Greens Pool is a sandy white beach with boulders on the south coast of Western Australia between Denmark and Walpole.
This sheltered area is part of William Bay National Park and has a sandy white beach ringed by large granite boulders that prevent the swell of the Southern Ocean reaching the shoreline.

The pool is roughly 560 m long from east to west and 290 m at its widest point from the beach to the protective rocks.

Early settlers of the region used the beach location for outings and picnics.

The area has a car park, viewing platform and toilet facility with a reasonably steep sandy path down to the beach.

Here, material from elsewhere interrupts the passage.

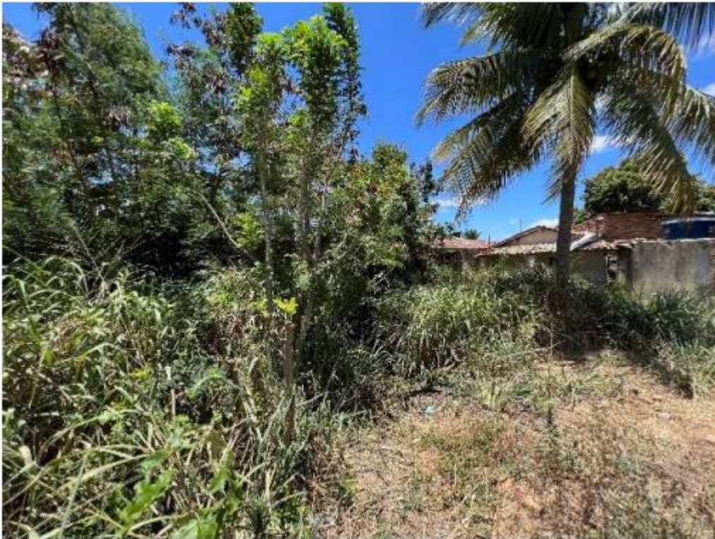
Imagem 4: Quintal.

The granitic rocks along much of the south coast formed 1.5 billion years ago, placing them among some of the oldest rocks in the world. As the Australian continent collided with Antarctica, the rocks along the south coast became part of the Albany-Fraser Orogen, and 600 million years ago the area was a massive mountain range. The mountains eroded away long ago and the remaining rocks were once deep down in the base of the range. The high pressures and temperatures these rocks experienced during the mountain building event caused them to melt then recrystallise, forming granitic gneisses and migmatites, which are referred to as granites.

The pool is a popular tourist attraction within the National Park; in 1993-1994 the park had 110,000 visitors, and in 2011-2012 the park had some 218,105 visitors. In 2020, Greens Pool was ranked 13 in TripAdvisor's Top 25 Beaches in the South Pacific

Greens Pool was named to honour Police Inspector John Green, who was originally a farmer in Denmark. His son, Victor Green, drowned in nearby Wilson Inlet in 1922, and often used to fish at the pool. It was originally known as Green's Pool but the Lands Department dropped the apostrophe for many place names although the letter "s" was retained. Robert Byleveld constructed the first track to Greens Pool in the early 1920s when most of William Bay was inaccessible and visited infrequently.

Many species of fish inhabit the area, including; estuary cobbler, southern garfish, species of flathead, southern blue devil, King George whiting, skipjack trevally and Australian herring.